Top Ten Tips for Collaborating

How often does your student organization work with other organizations, offices, or community partners while planning events?  Collaboration is always an amazing opportunity and can be a great lesson in working with others.  In my personal experience with event planning, and now with advising student organizations and leaders, here are ten of my favorite tips to keep in mind  for collaboration.

10. Resources

Remember that other groups are a resource. Think creatively about what type of resource these other organizations can be – funding, idea generation, a source of volunteers, etc.

9. Communication

Communication is key! Frequent communication with all groups involved not only keeps the event organized, but it also keeps everyone invested in the work they’re doing.

8. Goal Setting

Keep the prize in mind! Set goals and remember that everyone should be working towards common goals.

7. Compromise

If you’re asking others to be part of your event or working with others on their event, try to compromise! Not everything can be their way or your way.

6. Flexibility

Not everything may happen the way you plan it to – be flexible!

5. Know Your Role

The more people involved, the more confusion there can be. Set expectations and outline responsibilities.

4. Delegation

You don’t need to do it all yourself.  Not only within your own organization, but also with the other groups involved.  Sharing tasks will help with retaining members, dedication to the program, and ideally less stress for you!

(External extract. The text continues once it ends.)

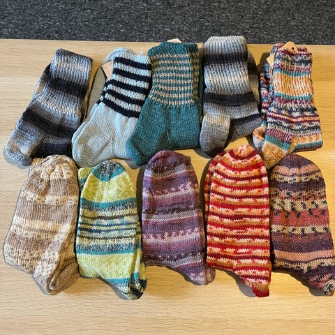 Nye hjemmestrikket strømper str. 2 år. Pr. par kr. 20,00

3. Creativity               

Put all your minds together and think of something new or different for your event!  Utilize the other groups’ perspective to think differently about your new and old ideas.

2. Organization

Whether you’re planning a small event or a large-scale event, organization is important to keep your event planning and the event itself running smoothly.

1. Enthusiasm breeds enthusiasm!

The more energy and excitement you have for the program, the more others will too!  This is the best advice I had in my undergraduate programming experience and still find it to be true today.